Record keys need to be unique, and in applications where a record key can be set up in such a way that it can be determined algorithmically or programatically, the overhead involved in database access can be minimal. But of course, this usually involves accessing the database in ways that would probably not be considered "relational".
本身没有优点和缺点——它们只是使用不同的方法来存储值。 UniVerse 使用分隔符来分隔值(IIRC 它使用 char(254) 和 char(253) 来分隔字段中的多个值,并使用 char(255) 来分隔数据文件中的实际记录。我可能是错的不过——距离我上次使用它已经过去了 10 多年)。有些人喜欢这种存储数据的方法,就像有些人仍然喜欢老式汽车而不是新型汽车,或者有些人更喜欢使用马车而不是现代机动车辆一样。 (当然这只是我的观点)。
在一个字段中存储多个值意味着您没有 SQLServer 会使用的额外表,您实际上具有一定程度的非规范化。如果使用原生支持 UniVerse 的技术(我们过去使用称为 CueBIC 的窗口系统),那么使用这些多值是非常容易和好的,但是当从 C++ 或 VB 等其他语言连接到数据库时,它就变成了 PITA - 然后你就可以使用这些多值。必须自己读取记录并分离出值。这意味着搜索这些多值也很困难。
但话又说回来,也许自从我上次使用它以来事情已经发生了变化,也许有人编写了一个很好的驱动程序,这样您就可以轻松地从 .Net 平台与 UniVerse 进行交互。我希望为了你,他们有。
There are no pros and cons as such - they just simply use different methods to store values. UniVerse uses a delimiter to separate the values (IIRC it uses char(254) and char(253) to split up the multiple values in a field, and char(255) to separate the actual records in the data file. I might be wrong though - it has been more than 10 years since i last used it). Some people love this method of storing data, just like some people still prefer vintage cars over late model ones, or some people prefer to use a horse and cart instead of a modern motor vehicle. (Of course this is just my opinion).
Storing multiple values within a field means that you don't have the extra table that SQLServer would have used, you effectively have a level of denormalisation. Using these multi values is all easy and good if using a technology that natively goes with UniVerse (we used to use a windowing system called CueBIC), but it becaomes a PITA when connecting to the database from another language like C++ or VB - you then have to read a record and separate out the values yourself. This means it was also difficult to search on those multi values.
But then again, maybe things have moved on since i last used it, maybe someone has written a nice driver so you can easily interface with UniVerse from a .Net platform.
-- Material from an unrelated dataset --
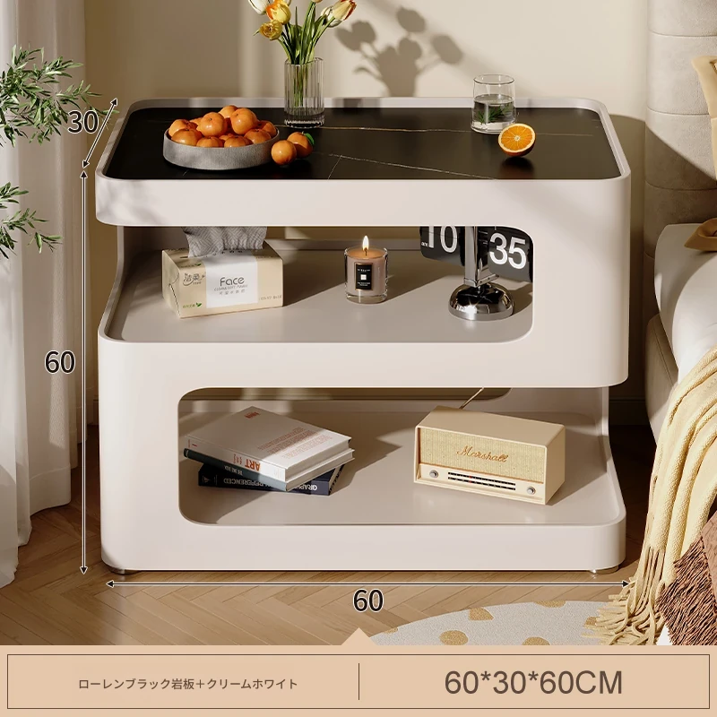 【キャスター付き】60*30*60CMクリームホワイト+ローランブラックストーンボード

I hope for your sake they have.
扩展到文件中的大量项目(记录)效果很好。扩展到记录中的大量值或子值会产生性能问题。应用程序设计需要对限制值和低于几千个阈值的子值列表敏感。
字符串处理非常出色。整数处理也是如此。 MV Basic 语言是松散类型的,因此不要期望编译器执行太多操作。也就是说,由于 MV Basic 源项目就像任何其他数据一样,而编译器只是 DB 环境中的另一个动词,因此编写代码生成器和预编译器是一件轻而易举的事。这是在应用程序下面构建工具层的良好环境。
Scaling to lots of items (records) in files works well. Scaling to lots of values or sub-values within records will create performance issues. Application design needs to be sensitive to limiting value and sub values lists below the several 1000's threshold.
String handling is excellent. As is integer handling. The MV Basic languages are loosely typed so don't expect too much enforcement much from the compiler. That said since MV Basic source items are just like any other data and the compiler is just another verb in the DB environment, writing code generators and pre-compilers is a breeze. It is a good environment for building a tools layer below your application.